## [The task]
For this exercise, repeat exactly the lines below starting at the line holding "而在3、5号楼之间,则搭建了" and ending at the line holding "Готовые ответы - Геометрия", both included, with no extra lines and no pictures.
(Dataset records Opens)
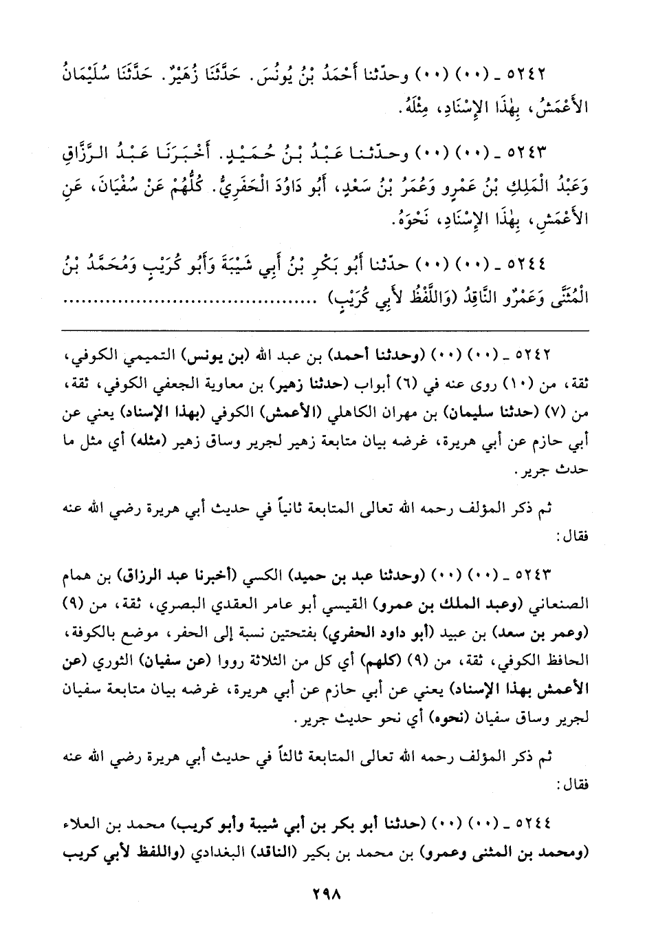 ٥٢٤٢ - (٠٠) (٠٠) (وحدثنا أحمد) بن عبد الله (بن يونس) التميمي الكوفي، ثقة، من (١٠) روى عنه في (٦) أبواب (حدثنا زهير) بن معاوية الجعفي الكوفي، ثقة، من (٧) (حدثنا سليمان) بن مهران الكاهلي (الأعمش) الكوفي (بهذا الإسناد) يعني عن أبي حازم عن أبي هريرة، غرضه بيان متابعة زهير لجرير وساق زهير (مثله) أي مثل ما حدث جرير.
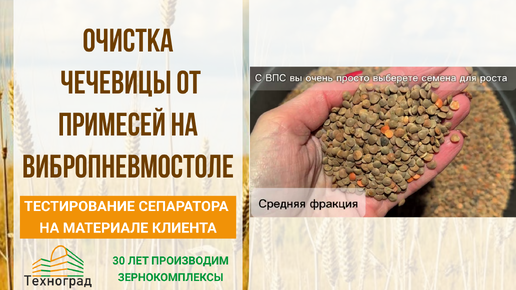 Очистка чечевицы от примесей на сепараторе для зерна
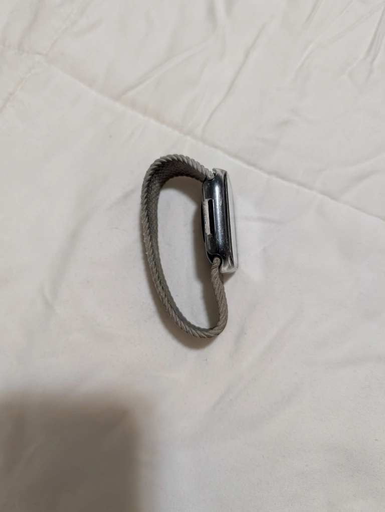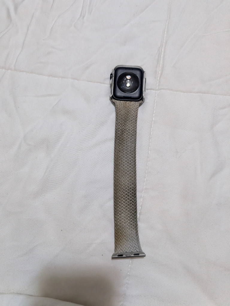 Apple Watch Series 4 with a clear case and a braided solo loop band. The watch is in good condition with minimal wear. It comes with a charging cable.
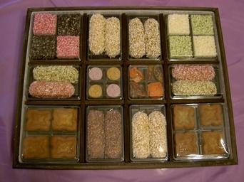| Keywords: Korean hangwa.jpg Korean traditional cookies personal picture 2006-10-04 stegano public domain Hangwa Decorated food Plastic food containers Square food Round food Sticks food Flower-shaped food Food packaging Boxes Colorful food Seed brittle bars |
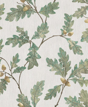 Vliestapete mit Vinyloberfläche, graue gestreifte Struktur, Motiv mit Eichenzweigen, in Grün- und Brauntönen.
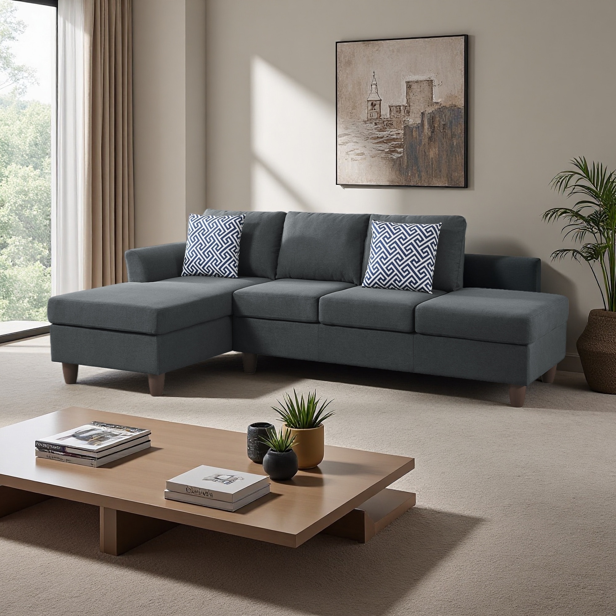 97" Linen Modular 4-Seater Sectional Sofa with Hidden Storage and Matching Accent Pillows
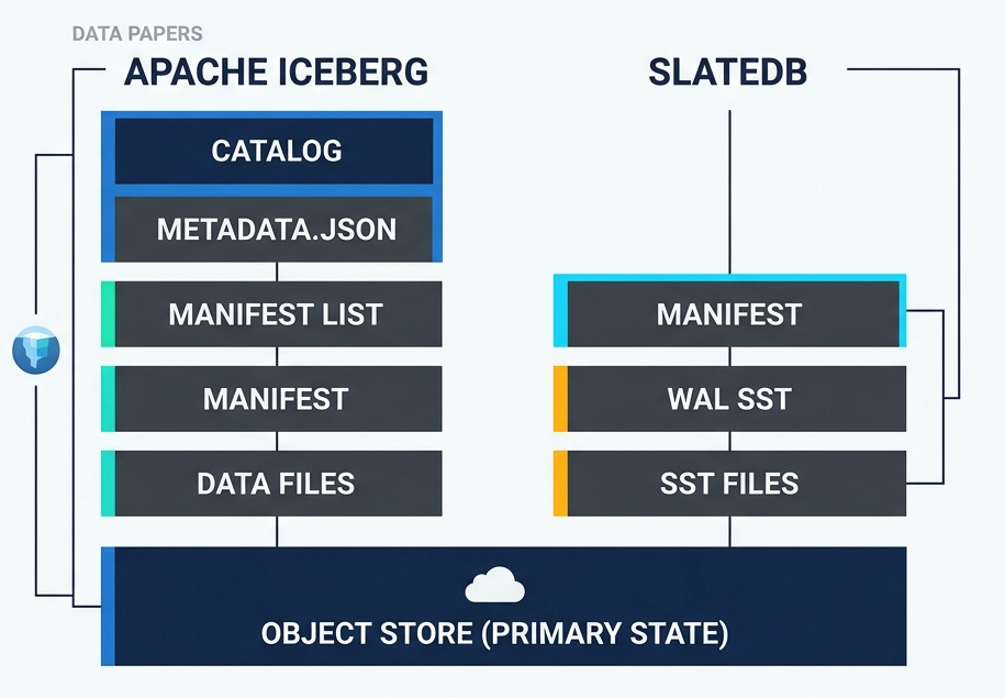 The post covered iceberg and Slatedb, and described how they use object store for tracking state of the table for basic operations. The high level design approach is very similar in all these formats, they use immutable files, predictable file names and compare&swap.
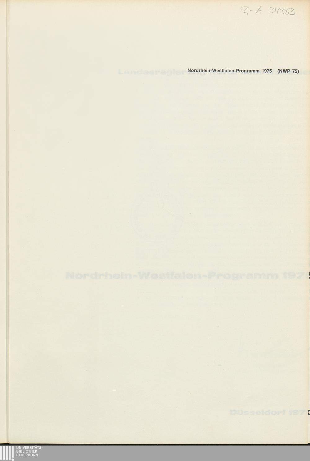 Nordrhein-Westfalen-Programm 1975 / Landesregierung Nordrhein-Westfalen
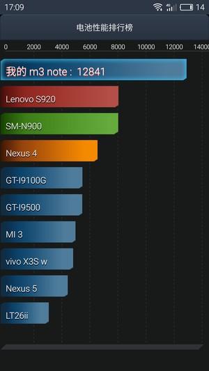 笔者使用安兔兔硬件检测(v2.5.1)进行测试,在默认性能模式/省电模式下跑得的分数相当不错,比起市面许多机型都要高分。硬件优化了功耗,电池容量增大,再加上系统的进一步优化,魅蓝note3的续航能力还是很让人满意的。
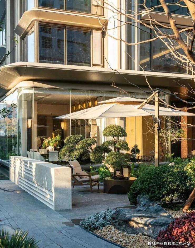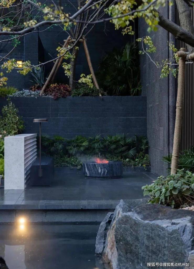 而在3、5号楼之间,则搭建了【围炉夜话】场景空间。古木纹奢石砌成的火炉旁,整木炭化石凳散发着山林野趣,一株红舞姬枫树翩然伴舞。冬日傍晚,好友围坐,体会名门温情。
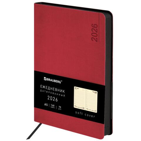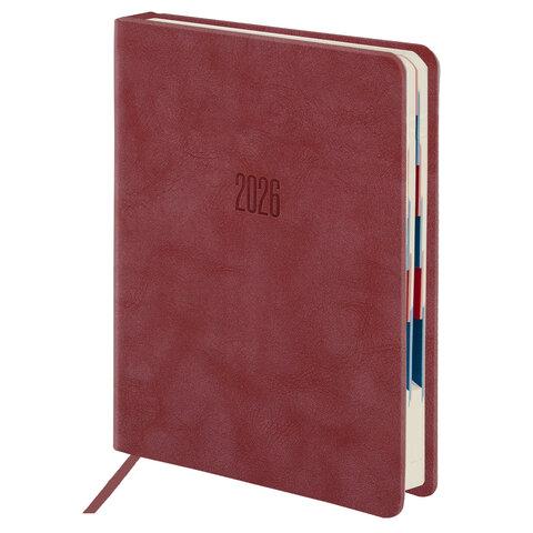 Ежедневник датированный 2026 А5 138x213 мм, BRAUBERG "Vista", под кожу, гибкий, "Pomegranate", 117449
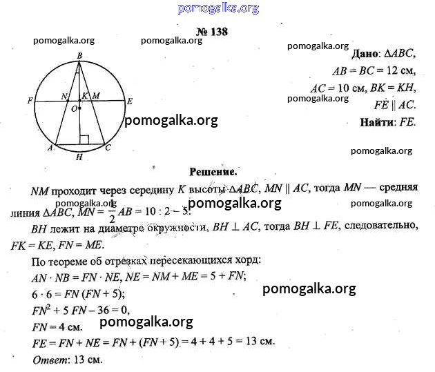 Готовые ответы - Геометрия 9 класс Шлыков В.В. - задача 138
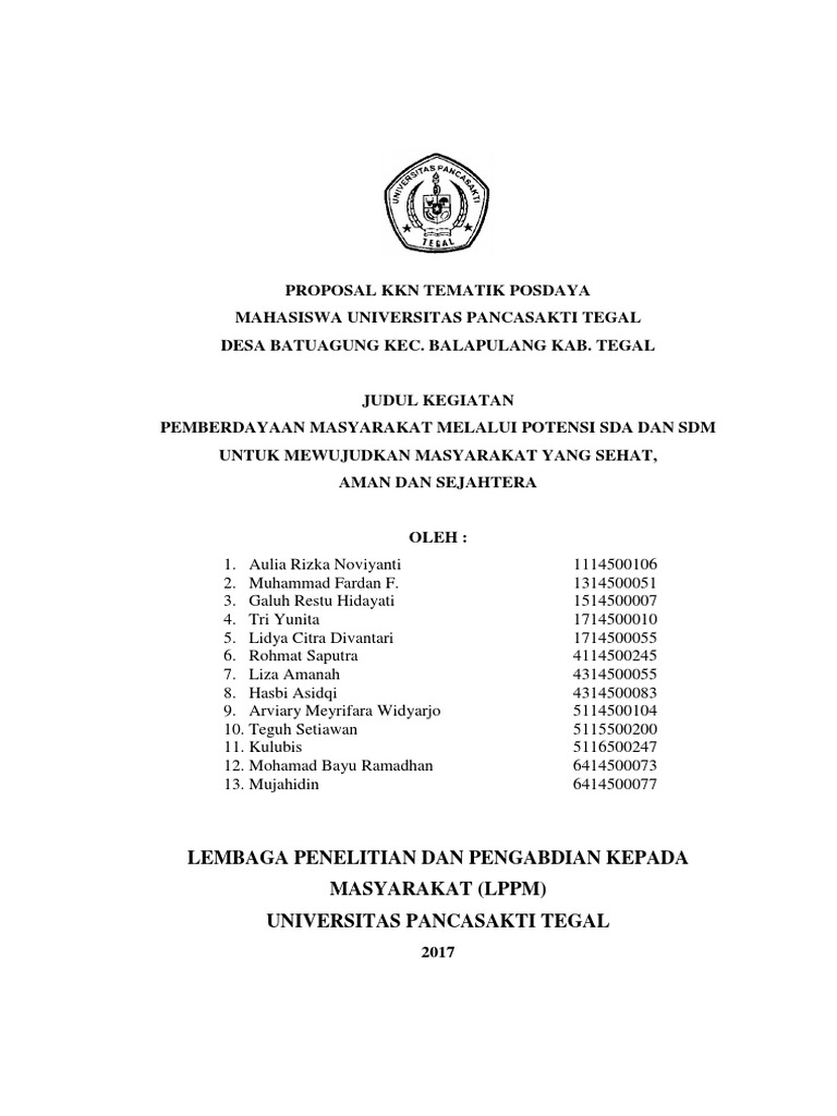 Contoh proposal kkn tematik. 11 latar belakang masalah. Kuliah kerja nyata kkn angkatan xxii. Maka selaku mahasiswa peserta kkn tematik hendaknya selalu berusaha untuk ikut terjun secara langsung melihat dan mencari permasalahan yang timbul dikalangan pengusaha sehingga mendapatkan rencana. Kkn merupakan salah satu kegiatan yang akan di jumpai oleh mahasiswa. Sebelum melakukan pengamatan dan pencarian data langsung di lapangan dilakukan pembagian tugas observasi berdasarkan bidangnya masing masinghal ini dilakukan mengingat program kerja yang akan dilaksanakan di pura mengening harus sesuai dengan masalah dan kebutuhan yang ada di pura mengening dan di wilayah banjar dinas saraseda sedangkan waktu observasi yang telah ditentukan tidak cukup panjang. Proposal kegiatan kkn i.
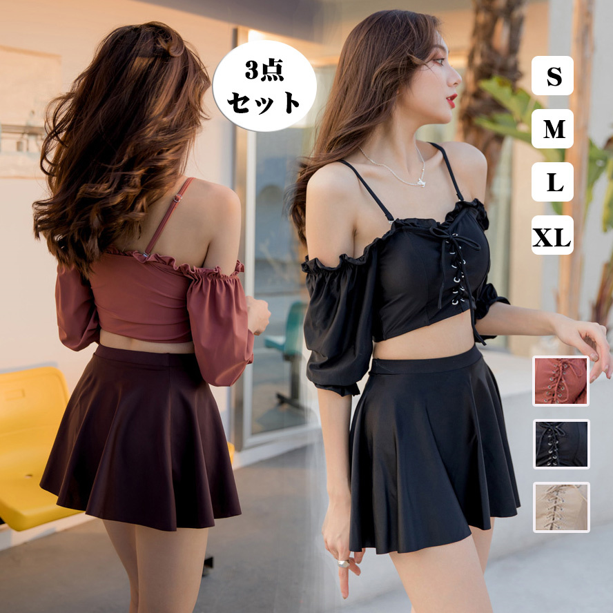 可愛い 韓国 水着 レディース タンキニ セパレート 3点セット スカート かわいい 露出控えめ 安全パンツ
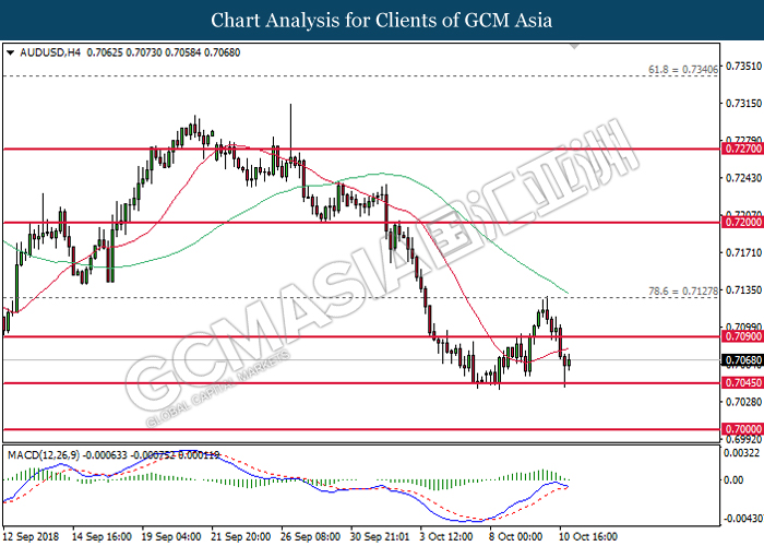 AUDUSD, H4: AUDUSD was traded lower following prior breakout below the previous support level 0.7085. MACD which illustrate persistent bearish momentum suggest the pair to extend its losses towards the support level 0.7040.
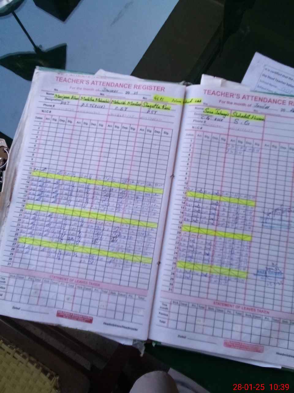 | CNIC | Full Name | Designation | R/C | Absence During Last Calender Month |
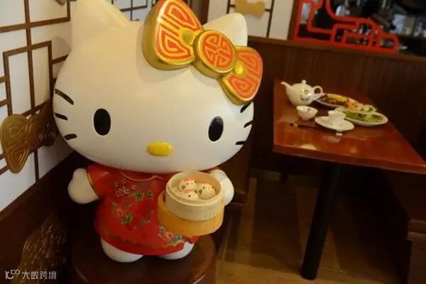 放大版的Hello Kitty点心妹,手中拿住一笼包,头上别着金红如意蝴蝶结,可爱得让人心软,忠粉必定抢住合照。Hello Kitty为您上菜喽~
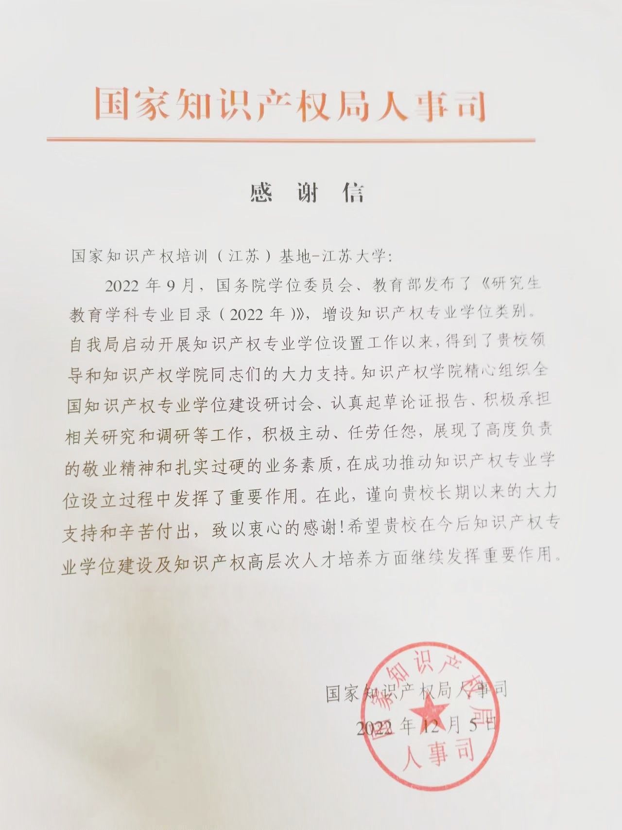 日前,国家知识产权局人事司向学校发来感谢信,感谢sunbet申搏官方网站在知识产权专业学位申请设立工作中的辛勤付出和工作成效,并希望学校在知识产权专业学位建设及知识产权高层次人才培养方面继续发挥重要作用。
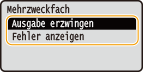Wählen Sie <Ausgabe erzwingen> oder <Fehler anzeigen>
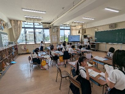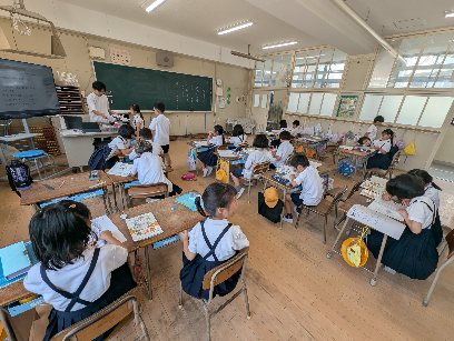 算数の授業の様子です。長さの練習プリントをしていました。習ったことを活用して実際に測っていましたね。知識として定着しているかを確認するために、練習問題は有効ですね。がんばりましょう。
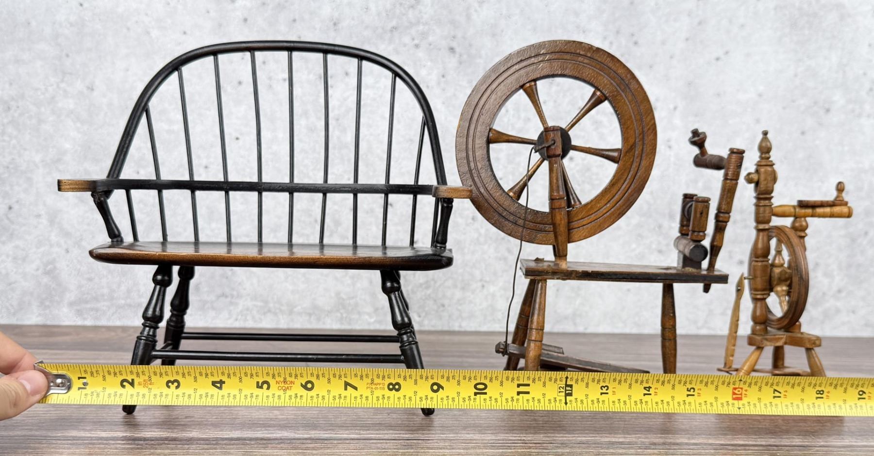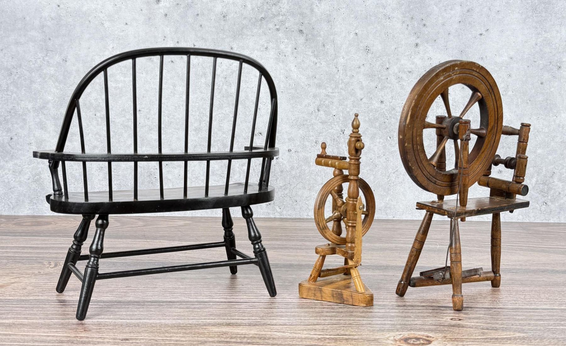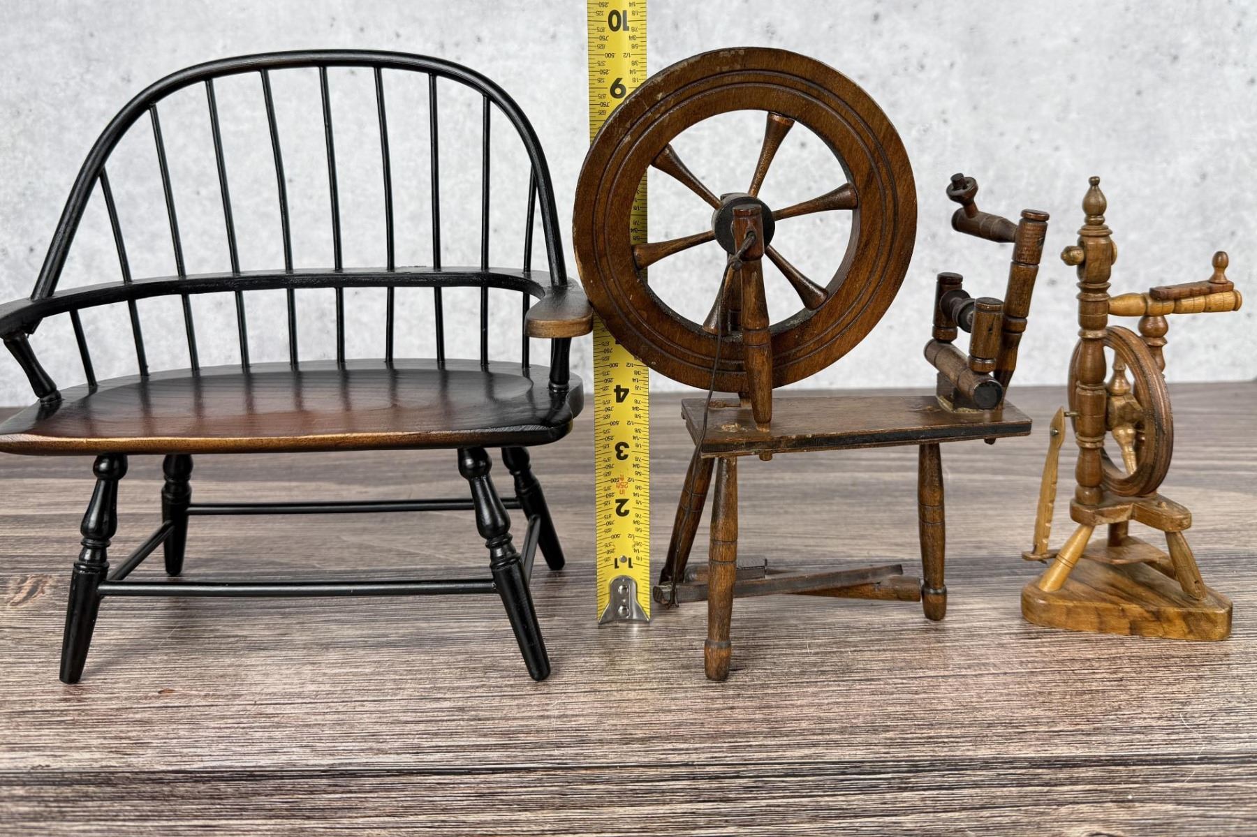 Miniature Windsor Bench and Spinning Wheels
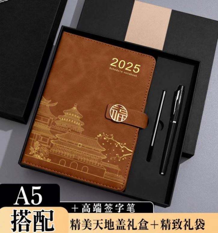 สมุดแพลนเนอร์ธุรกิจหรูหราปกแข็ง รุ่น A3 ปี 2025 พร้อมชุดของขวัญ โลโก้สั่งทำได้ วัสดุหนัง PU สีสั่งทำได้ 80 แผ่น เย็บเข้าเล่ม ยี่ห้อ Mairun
(Dataset records Closes)
## [Answer to the problem]
 而在3、5号楼之间,则搭建了【围炉夜话】场景空间。古木纹奢石砌成的火炉旁,整木炭化石凳散发着山林野趣,一株红舞姬枫树翩然伴舞。冬日傍晚,好友围坐,体会名门温情。
 Ежедневник датированный 2026 А5 138x213 мм, BRAUBERG "Vista", под кожу, гибкий, "Pomegranate", 117449
 Готовые ответы - Геометрия 9 класс Шлыков В.В. - задача 138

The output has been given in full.